Protein sequencing presents different challenges than nucleic acid sequencing, meaning that proteomics has yet to benefit as much as genomics from the next-generation sequencing revolution. However, the ability to sequence proteins at nucleic acid levels would be tremendously beneficial. Accordingly, scientists look to high-throughput nucleic acid sequencing for inspiration on how to improve existing protein sequencing techniques or develop new ones.1
Jeff Nivala uses nanopores to read proteins with single-amino acid sensitivity.
Jeff Hagen
Jeff Nivala, a molecular engineer at the University of Washington, sees nanopore technology as the way forward toward single-molecule protein sequencing and beyond. In this interview, Nivala describes his new technique, where he uses the enzyme ClpX to unfold and ratchet long protein strands through nanopores, allowing them to be read with single-amino acid sensitivity. 2
What sparked your interest in using nanopore technology for protein sequencing?
The big breakthrough for nucleic acid sequencing using nanopores was the discovery of a motor protein that can ratchet the strand nucleotide-by-nucleotide through the pore. At the start of my graduate studies, I tried to find a similar motor for proteins. Fortunately, around the same time, a study came out in Cell that characterized how the unfoldase ClpX worked at the single-molecule level.3 The detail presented in this study let me imagine how I could transfer this motor protein over and apply it for nanopore protein sequencing, and I was able to put two and two together.4
What is the biggest difference between using nanopore technology for protein sequencing versus nucleic acid sequencing?
Protein sequencing is a lot more challenging. Nucleic acids have uniform negatively charged backbones, which means that electrophoretic force is enough to move nucleic acids through a nanopore. Proteins are heterogeneously charged, so they do not behave as nicely and the signals become noisier. There is also a lot more complexity when working with 20 amino acids compared to four nucleotides, not to mention tertiary structures, folded domains, and so on.
How difficult is it to ratchet a protein through a nanopore?

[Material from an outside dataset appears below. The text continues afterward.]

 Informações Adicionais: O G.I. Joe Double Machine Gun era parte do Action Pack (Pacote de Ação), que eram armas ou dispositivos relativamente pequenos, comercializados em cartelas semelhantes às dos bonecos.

ClpX can handle synthetic proteins fairly easily because they are not folded. Natural proteins with fully folded domains can be harder to resolve because they have to be unfolded before passing through the nanopore. Proteins can also refold on the trans side of the pore after passing through. In another study using this technology, we actually have to unfold a protein twice: once before it can go through the nanopore via electrophoretic force and once before it can come back up. There is still a lot to be discovered about how well a motor works with a given protein.

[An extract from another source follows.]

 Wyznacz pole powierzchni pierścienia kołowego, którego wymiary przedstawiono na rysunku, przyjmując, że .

How difficult is it to distinguish between different amino acids?
The signal that we observe comes from sensing a sliding window of around 20 amino acids at a time as they pass through the pore. This makes it much more difficult to detect single amino acid differences. However, the longer the sequence, the higher the odds that it will generate distinct signal elements. Putting these individual elements together creates a collective unique signature, which lets us adopt a fingerprint-based approach and use a signature to identify a protein.
These sequence differences can be very subtle, making it hard to do traditional statistics or other analysis methods. This is where machine learning comes in. We are training machine learning programs to extract the differences in signal between different proteins, learn what features are associated with what amino acids, and map how the surrounding amino acids contribute to the observed signal at a given position.

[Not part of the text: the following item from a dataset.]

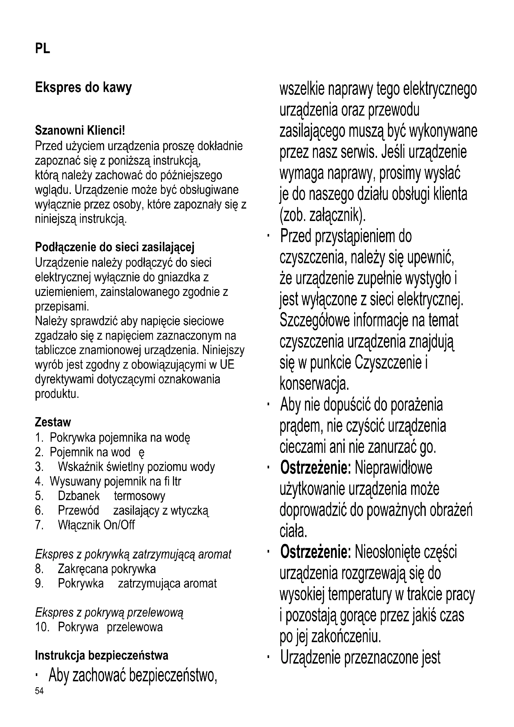 żytkowanie urządzenia może doprowadzić do poważnych obrażeń ciała. ∙ Ostrzeżenie: Nieosłonięte części urządzenia rozgrzewają się do wysokiej temperatury w trakcie pracy i pozostają gorące przez jakiś czas po jej zakończeniu. ∙ Urządzenie przeznaczone jest PL55 do zastosowań domowych lub podobnych, jak np. w - kuchniach biurowych lub innych miejscach pracy; - agroturystyce; - hotelach, motelach itp. oraz innych podobnych lokalach (przez klientów); - pensjonatach. ∙ Osoby o ograniczonych zdolnościach fi zycznych, czuciowych lub psychicznych albo nieposiadające stosownego doświadczenia lub wiedzy, a także dzieci (w wieku co najmniej 8 lat), mogą korzystać z urządzenia, pod warunkiem że znajdują się pod nadzorem lub zostały poinstruowane, jak używać urządzenia i są w pełni świadome wszelkich zagrożeń i wymaganych środków ostrożności. ∙ Nie dopuszczać do używania urządzenia jako zabawki przez dzieci. ∙ Nie wolno pozwalać dzieciom na wykonywanie jakichkolwiek prac związanych bezpośrednio z konserwacją lub czyszczeniem urz ądzenia, a jeżeli już, to dziecko musi mieć co najmniej 8 lat i być nadzorowane przez osobę dorosłą. ∙ Nie dopuszczać do urządzenia i jego przewodu zasilającego dzieci poniżej 8 lat. ∙ Ostrzeżenie: Nie pozwalać, aby dzieci miały dostęp do elementów opakowania, ponieważ mogą one spowodować zagrożenie, np. uduszenia. ∙ Przed użyciem należy dokładnie sprawdzić, czy główny korpus urządzenia i wszystkie elementy czynnościowe są sprawne i nie noszą śladów uszkodzenia. Jeżeli urządzenie np. spadło na twardą powierzchnię albo przewód zasilający został narażony na zbyt silne szarpnięcie, nie nadaje się ono do dalszego użytku: nawet najmniejsza, niewidoczna usterka powstała z tego powodu, może mieć ujemny wpływ na działanie urządzenia i bezpieczeństwo użytkownika. ∙ Podczas parzenia kawy, urządzenie musi być ustawione na równej i nie śliskiej powierzchni, odpornej na ewentualne zaplamienie i rozpryski. ∙ Urządzenie oraz przewód sieciowy nie mogą stykać się z gorącymi powierzchniami, ani też być poddawane działaniu wysokich temperatur. ∙ Przed otwieraniem ekspresu lub wyjmowaniem z niego jakichkolwiek elementów czynnościowych i akcesoriów, należy urządzenia wyłączyć i poczekać na jego ochłodzenie. W ten sposób można zapobiec niebezpieczeństwu wydzielania się pary lub gorącej wody. ∙ Dzieci powinny znajdować się pod stałą opieką, aby nie dopuścić do używania56 przez nie urządzenia jako zabawki. ∙ Należy wyjąć wtyczkę z gniazdka elektrycznego: - w przypadku wadliwej pracy urządzenia, - podczas czyszczenia, - jeżeli ekspres nie będzie przez dłuższy czas używany. ∙ Nigdy nie należy ciągnąć za przewód przy wyjmowaniu wtyczki z gniazdka elektrycznego. ∙ Przewód przyłączeniowy nie powinien zwisać wolno, należy uważać aby znajdował się w bezpiecznej odległości od gorących części urządzenia. ∙ Nie ponosi się odpowiedzialności, jeśli szkoda wynikła z nieprawidłowego używania sprzętu lub użytkowania niezgodnego z instrukcją obsługi. Automatyczny wyłącznik Aby niepotrzebnie nie zużywać energii, po zakończeniu cyklu parzenia urządzenie automatycznie się wyłączy. Przed użyciem ekspresu po raz pierwszy Przed użyciem ekspresu do kawy po raz pierwszy, należy urządzenie przepuścić przez proces „fi ltrowania bez kawy“ dwa albo trzy razy. Używamy w tym celu maksymalną ilość wody bez dodawania mielonej kawy. To samo „fi ltrowanie bez kawy“ należy przeprowadzać po dłuższym nieużywaniu ekspresu, oraz po usunięciu kamienia. Informacja ogólna ∙ Miarka na pojemniku na wodę służy do odmierzania prawidłowej ilości czystej wody w pojemniku na wodę. Przy podwójnej skali, lewa skala służy do mierzenia wody w regularnych fi liżankach o pojemności ok.125 ml, podczas gdy prawa skala służy do mierzenia wody w mniejszych fi liż ankach. Należy sprawdzić, że woda nie przekracza oznaczenia maksymalnego wypełnienia. ∙ Ostrzeżenie: Wylot gorącej wody jest połączony z pokrywką pojemnika. Nie należy próbować otwierać pokrywki podczas parzenia kawy: Grozi to oparzeniem. ∙ Jeżeli wymaganych jest kilka cykli parzenia kawy jeden po drugim, po każdym cyklu odczekać około 5 minut, aż ekspres nieco ostygnie. ∙ Ważna informacja: Przy napełnianiu ekspresu świeżą wodą, krótko po zakończeniu cyklu parzenia, istnieje niebezpieczeństwo poparzenia gorącą wodą lub ulatniającą się parą. Parzenie kawy ∙ Napełnianie wodą: Otworzyć pokrywkę pojemnika i wypełnić go odpowiednią ilością wody. ∙ Zakładanie papierowego fi ltra: Odchylić pojemnik na fi ltr w poziomie i włożyć fi ltr nr 4, zaginając najpierw perforowane brzegi fi ltra. ∙ Wsypywanie mielonej kawy : Na każdą standardową fi liżankę (125 ml) wymagane jest ok. 6 gramów (=1½ - 2 łyżeczki do herbaty) drobno zmielonej kawy. Następnie zamknąć pokrywkę pojemnika. ∙ U żywanie szklanego dzbanka: Należy założyć pokrywkę zatrzymującą aromat lub pokrywkę przelewową na dzbanek a następnie umieścić dzbanek w ekspresie. Jeśli dzbanek z pokrywką został poprawnie włożony, zawór zapobiegający kapaniu zostanie unieruchomiony na czas procesu parzenia. ∙ Rozpoczęcie procesu parzenia:57 Włożyć wtyczkę do odpowiedniego gniazdka i uruchomić urządzenie za pomocą włącznika On/Off. Rozpocznie się cykl fi ltracji wody przez fi ltr z kawą. ∙ Wyjmowanie szklanego dzbanka: Przed wyjęciem dzbanka, należy odczekać, aż woda całkowicie spłynie z fi ltra. Aby utrzymać dłużej wysoką temperaturę kawy, zdjąć pokrywkę zatrzymującą aromat i zamknąć dzbanek zakręcaną pokrywką. Nie jest to wymagane, jeżeli ekspres wyposażony jest w pokrywę przelewową, która może pozostać na dzbanku. Po zakończeniu procesu parzenia urządzenie wyłącz

What are your short- and long-term goals for this technique?
We are increasing the size of our data sets by looking at more complex amino acid sequences so that we can train better models. Most of our data right now comes from synthetic proteins, so we are building our dataset by adding more natural molecules. Ultimately, the goal is to have a model that can recognize any given arbitrary protein in the human proteome.
As we go down that path, we anticipate that we will see new challenges appear. For example, will we need an improved motor protein for certain types of protein sequences? Will a different pore size make our method more sensitive because our current nanopore was optimized for DNA sequences? There are going to be so many improvements that make this technique exponentially better in the future.
This interview has been condensed and edited for clarity.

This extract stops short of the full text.